Some other factors: 1. Lisp was truly unique in the 60s, 70s, and 80s, but it required expensive hardware to run. It would be hard to conceive of a Lisp running well on a 6502 or an 8086. Something like my NeXT Cube with a 68040 would do a much better job, but those machines cost roughly $6500 in 1989 dollars, out of reach for many developers.
2. By the time hardware capable of running Lisp acceptably became affordable, other languages started offering certain features that used to be unique to Lisp. Wanted garbage collection? In 1995 Java became available. Want object-oriented programming? You didn’t even have to wait until 1995 for that due to C++. Want anonymous functions and map()? Python’s popularity took off in the 2000s. Yes, Lisp still offers features that are not easily found in other languages (such as extensive metaprogramming), but the gap between Lisp and competing popular languages has been narrowing with each successive decade.
You'd be surprised. https://retrocomputing.stackexchange.com/questions/11192/wha... Of course something like FORTH was perhaps more suited to these smaller machines, but LISP implementations were around. Many users of 6502-based microcomputers were familiar with LOGO, which is just a LISP with different syntax.

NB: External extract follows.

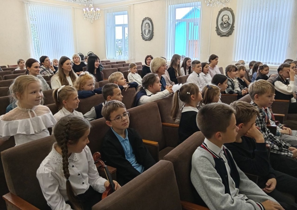 1 сентября — день начала занятий, новых добрых встреч с миром знаний. Ведущие мероприятия Виктория Беняш и Людмила Романова поздравили юных музыкантов, художников и родителей с Днём знаний. Аплодисментами зал встречал первоклассников. С приветственным словом к присутствующим обратилась директор школы Алла Николаевна Борисенко, которая пожелала Всем успехов в новом учебном году. Алла Николаевна представила молодых учителей, которые начинают свой педагогический путь в Дятловской детской школе искусств. Это учитель по классу баяна Лаборевич Ангелина Витальевна и учитель по классу скрипки Болбат Диана Витальевна Яркие музыкальные номера подарили присутствующим молодые учителя школы, вокальный и инструментальные ансамбли.

Alas, I think MS saw the failure of Clojure within the Java ecosystem and foresaw the same if they made a similar effort.
At work I write a lot of TypeScript. At how I write a lot of lisp. The lisp is absolutely more ergonomic and extensible.
The ML crowd received F# and that’s practically the only reason anyone still uses anything ML-esque. I would like the same for Lisp. I know Rich Hickey tried to make Clojure for .NET first and failed, though, so I’m not holding my breath.
Atom/Pulsar, or Portacle (portable Emacs with SBCL + Quicklisp), or plain-common-lisp (2 clicks install for Windows), ALIVE for VSCode is getting there, also the newer Intellij plugin. And vim. LispWorks. Sublime, Lem, Jupyter notebooks, and more.
https://lispcookbook.github.io/cl-cookbook/editor-support.ht...
it's a tree. it's just a few operations to transform it as a structure.